What you have to do:
An exact transcription is needed, beginning at the line with "Diese Attacke fügt" and ending at the last line of the listing, with pictures left out and nothing else added.

Records to process:
○ ○ ○ ○
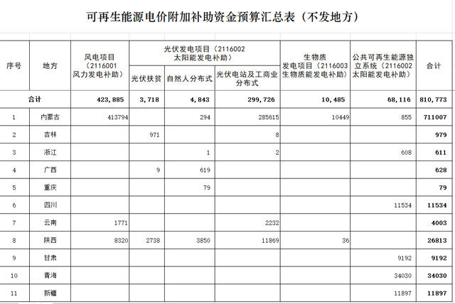 根据《通知》所附的《可再生能源电价附加补助资金预算汇总表》,风电、光伏项目补贴约为42亿元以及30.8亿元。其中,光伏扶贫、自然人分布式和光伏电站及工商业分布式分别为0.37亿元、0.48亿元和29.97亿元。其中,内蒙古各类可再生能源补贴合计71亿元,占比近九成,位居第一。
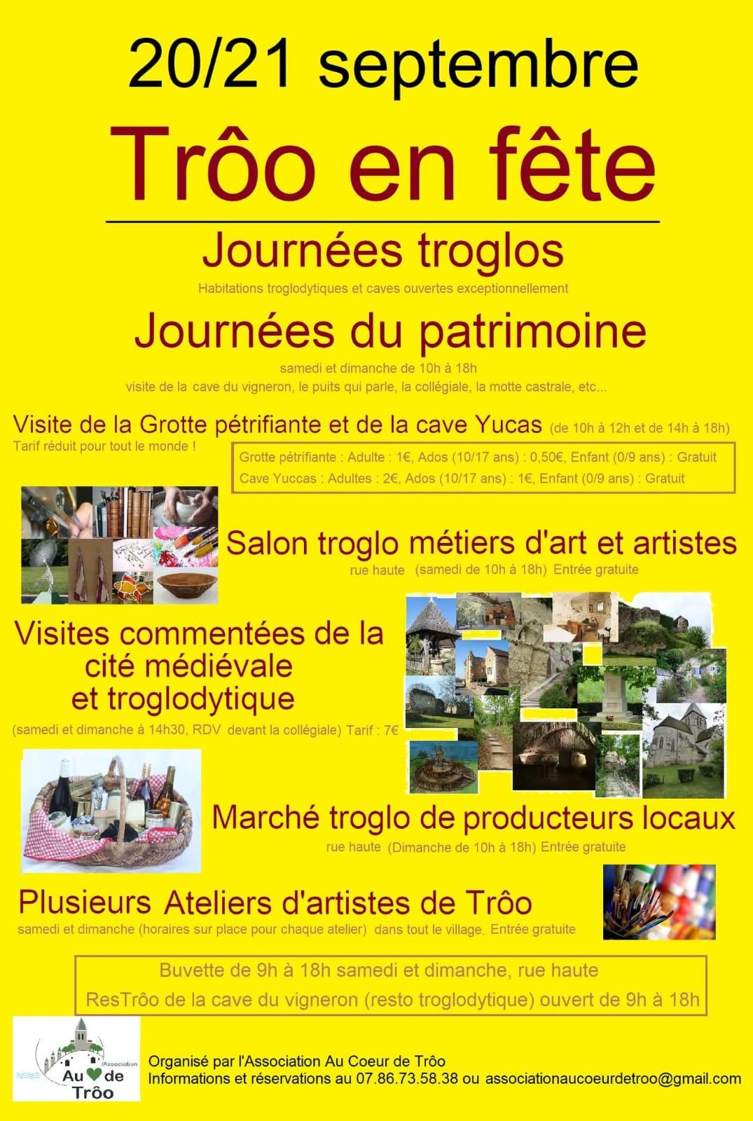 caves et grottes ouvertes exptionnellement , marché gourmand le dimanche , vide-maison des troiens tout le week-end , visites commentées sur l'histoire du village le samedi et dimanche, départ à 14h30 devant la collégiale.
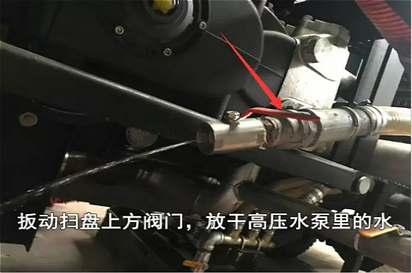 3.寒冷地區(qū)冬天車(chē)輛使用完畢后,應(yīng)放干水箱、水管、水路以及濾杯里面的水,防止凍裂(扳動(dòng)閥門(mén)扳手放水)
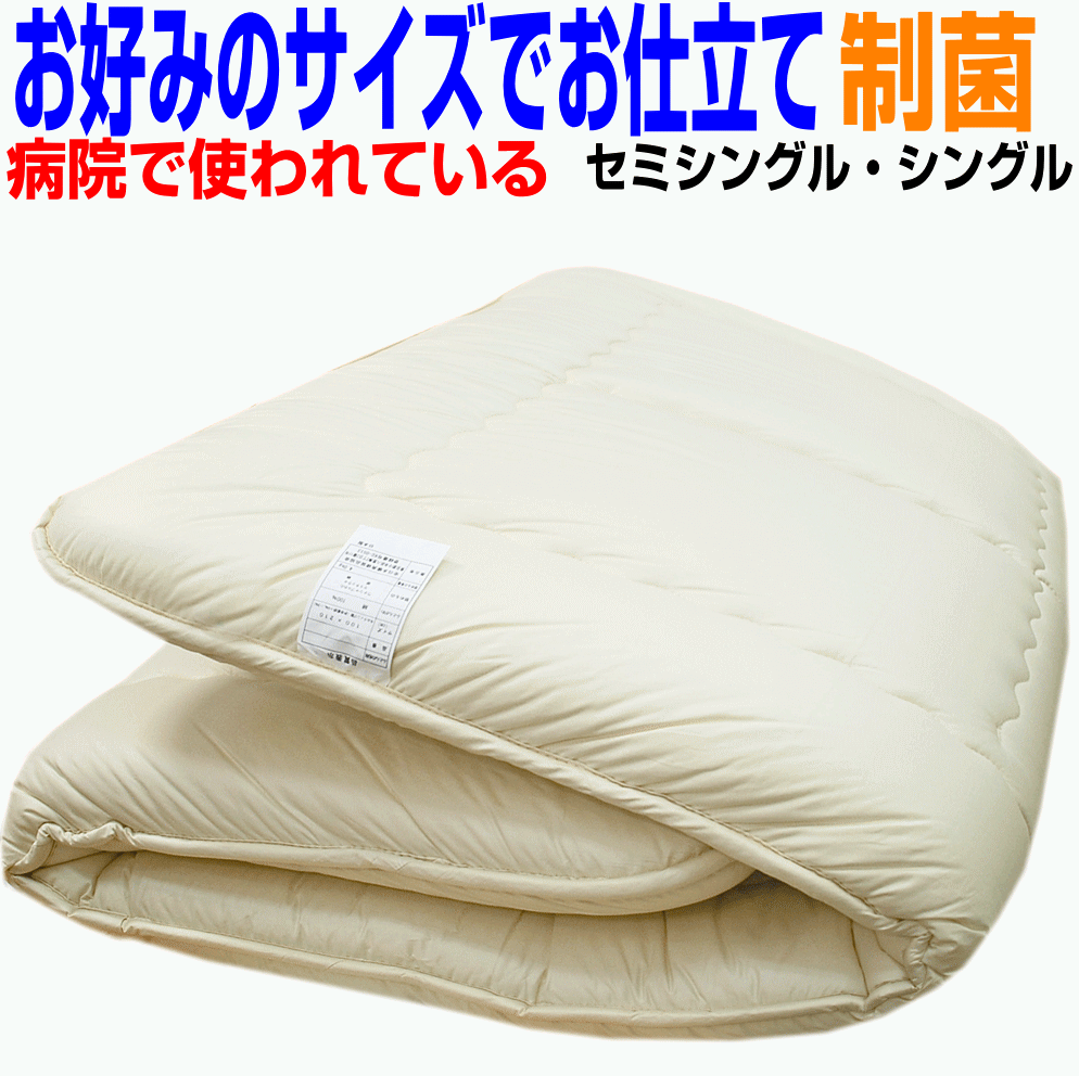 |  | 同値でお布団サイズを変更カットできます。 お仕立てに3週間〜1か月程度お時間かかります。 ご注文時に備考欄にサイズをご記入ください。 ※ご記入サイズは、【実寸98×205cm以下】でお願いします。 (上記サイズ以上は別途料金) ※お仕立ての場合、日時指定はできませんので予めご了承下さい 一般の抗菌布団とちょっと違うワンランク上の制菌敷布団♪ ドクターES多層式敷布団は、 従来の抗菌加工の布団より さらに『病院採用高性能制菌繊維を使用』 高性能制菌機能となりました。 病院など医療機関などで広く使われいる高性能制菌繊維で 家庭で使えるように寝具技能士がでお仕立て企画しました。 商品についての詳細はこちらをクリック 制菌とは、 抗菌は表面上の細菌の増殖を抑制すること  制菌は微生物の活動を停止又は低下させ、 抗菌より、制菌は数多く菌の増殖を抑えることができます。 抗菌は抑制しますが、菌は少しずつ増えていきます。 制菌は活動を低下させるので、菌は減っていきます。 よってレベルを比較すると制菌の方が格が上となります。 【制菌ドクターEs 布団の特 長】 ●抗菌からワンランク上のバージョンUPした    病院で使われている制菌を使用 ●病院で使われている布団を  当社寝具技能士が家庭用に改善、  菌にも強くより安全・安心なお布団です。  科学が生んだ清潔さを是非実感してください。 ●『制菌ドクターEs』製造工程は一般寝具とは違い、  病院用寝具の製造工場で生産。  わたホコリが少なく、軽くて、安全・衛生的な特徴を備えています。  高密度生地使用でさらにダニ防止(防ダニ)効果UP!  綿100%生地を使用しているため、  アトピー、アレルギーの方にもお勧めです。 ●ダニ・ほこりをブロックする不織布シートを布団内部に装着し、  清潔で快適な眠りをお届けします。   ●布団のにおいが、気になる方  細菌やカビ類が原因。 細菌の増殖を防ぎ、悪臭の発生を防止、  清潔で快適な眠りをお届けします。 ●手仕上げでマットレスなしでも、柔らかすぎず硬すぎずちょうどよい寝心地 ●もちろん、日本製 市販のカバーでご使用可、ベッドでも使えます。 ●他に手に入らない寝具です。是非こちらでお求めください。 高性能制菌 極上手仕上げ!気持ちいい〜 ベットにも使えます。 ヌードタイプシングル布団(白)となっております。 マットレスは不要です。 へたりを少なくするため、ポリエステル綿で圧縮、 硬質の多層式敷き布団に仕上げています。 同値でお布団サイズを変更カットできます。 お仕立てに3週間〜1か月程度お時間かかります。 ご注文時に備考欄にサイズをご記入ください。 ※ご記入サイズは、【実寸98×205cm以下】でお願いします。 (上記サイズ以上は別途料金) ※お仕立ての場合、日時指定はできませんので予めご了承下さい シングルロング(100X210)はこちら ジュニア(90X190・80x180)はこちら 只今、ポイントUP!こちらをクリック さらに病院採用高性能制菌敷き布団お求めは!こちらをクリック 即納・指定日配送・時間帯指定・ポッキリ送料込・税込です。 新婚新生活用・来客用・介護用家族用ファミリーサイズ・シングルロングサイズ・子供用・2段ベッド用・二段ベッド・フローリング用・シングルベッド用 抗菌 消臭 防カビ 防ダニ加工 ダニ防止国産 敷布団セットもあります 布団丸洗いOK・ ウォッシャブルクリーニング洗える・極厚・極太・折れる・ 軽い固め(軽量硬め)のマットレス不要のへたりにくいオールシーズン対応合成 繊維マチ付き4層(四層 )新作固綿と無添加 綿100%生地使用 、ほこり ホコリ 埃 アレルゲンが少なくアレルギー方におすすめの高密度カバー、 熟睡 不眠症 腰痛ヘルニア 肩こり骨盤 矯正のための寝姿勢を重視しています。 ギフトにかわいい北欧柄のあったかシーツ敷布団カバー寝具セットふとんセットフトン蒲団シングル6点セット9点3点セット7点等販売中! 楽天ランキング入賞品多数、特典安心高級品 、訳ありわけ有わけ特価割引アリアウトレットを数量限定ネット限定バーゲンSALE、 お試し福袋を超特価在庫処分! 激安50%OFF期間限定半額セール!開催中 大人気最高評価 No.1 ランキング品等取り揃えています。  <取り扱い商品>v lap アレルバスター ミクロガード  ミクロガード ダニゼロック 高反発 低反発 <取り扱い繊維>アクフィットECO ウォシャブルロン ケパック フィルハーモニィ 東洋紡ブレスエアー 東レマッシュロン マイティートップ ウール 羊毛 インビスタアクア ホロフィル クォロフィル <取り扱いメーカー品>京都西川 西川産業 東京西川 西川リビング ブリヂストン  帝人テイジン アキレス オーダーメイドのセミシングル 敷き布団90×190 90×200 90cm95×195 98×196 90×180cm 90cm幅 90×195 80×200 85cm 100×180 100×200 180cm100×180170cm100×190 190cm 70×200 80×200 幅80 幅60 幅90子供用 小さいサイズ 小さめ 新生活ウイルス対策sk布シor敷布団スタンダードsmドクター エクセレント敷き布団 同値でお布団サイズを変更カットできます。 お仕立てに3週間〜1か
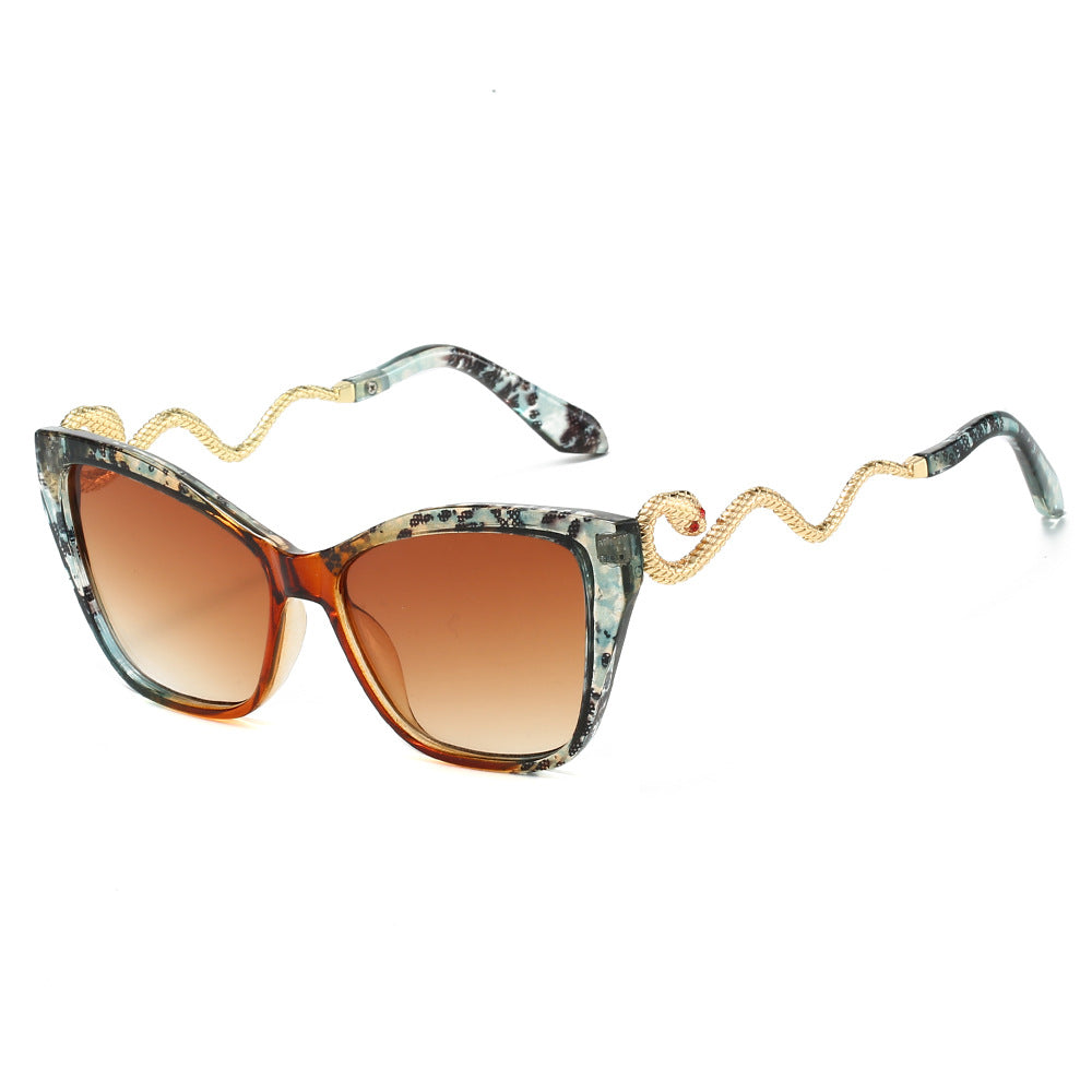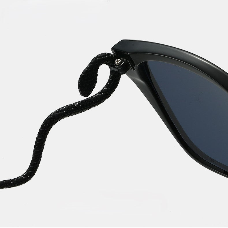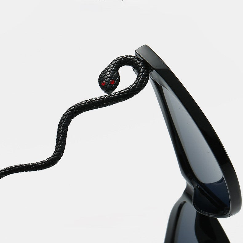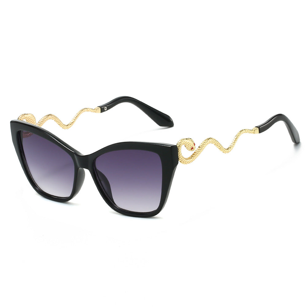 A daring curve in motion. The snake-temple frame turns a simple cat-eye into a quiet statement of power.
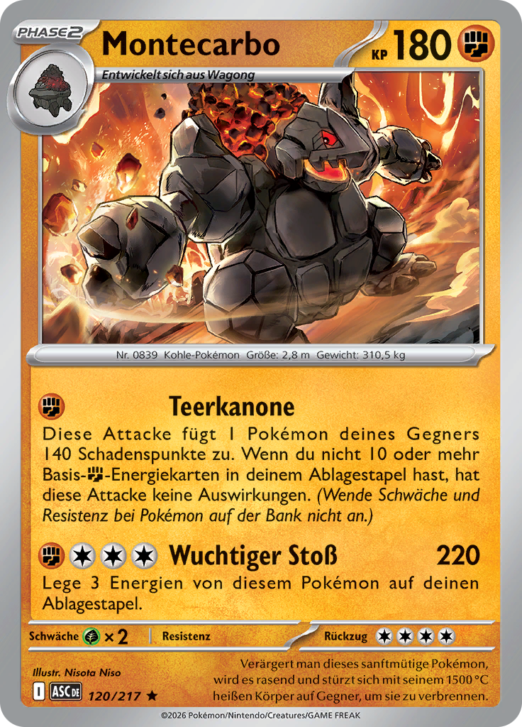 Diese Attacke fügt 1 Pokémon deines Gegners 140 Schadenspunkte zu. Wenn du nicht 10 oder mehr Basis-[F]-Energiekarten in deinem Ablagestapel hast, hat diese Attacke keine Auswirkungen. (Wende Schwäche und Resistenz bei Pokémon auf der Bank nicht an.)
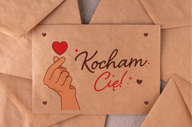 - Motyw: napis Kocham Cię + serduszko
○ ○ ○ ○
Exercise solution:
 Diese Attacke fügt 1 Pokémon deines Gegners 140 Schadenspunkte zu. Wenn du nicht 10 oder mehr Basis-[F]-Energiekarten in deinem Ablagestapel hast, hat diese Attacke keine Auswirkungen. (Wende Schwäche und Resistenz bei Pokémon auf der Bank nicht an.)
 - Motyw: napis Kocham Cię + serduszko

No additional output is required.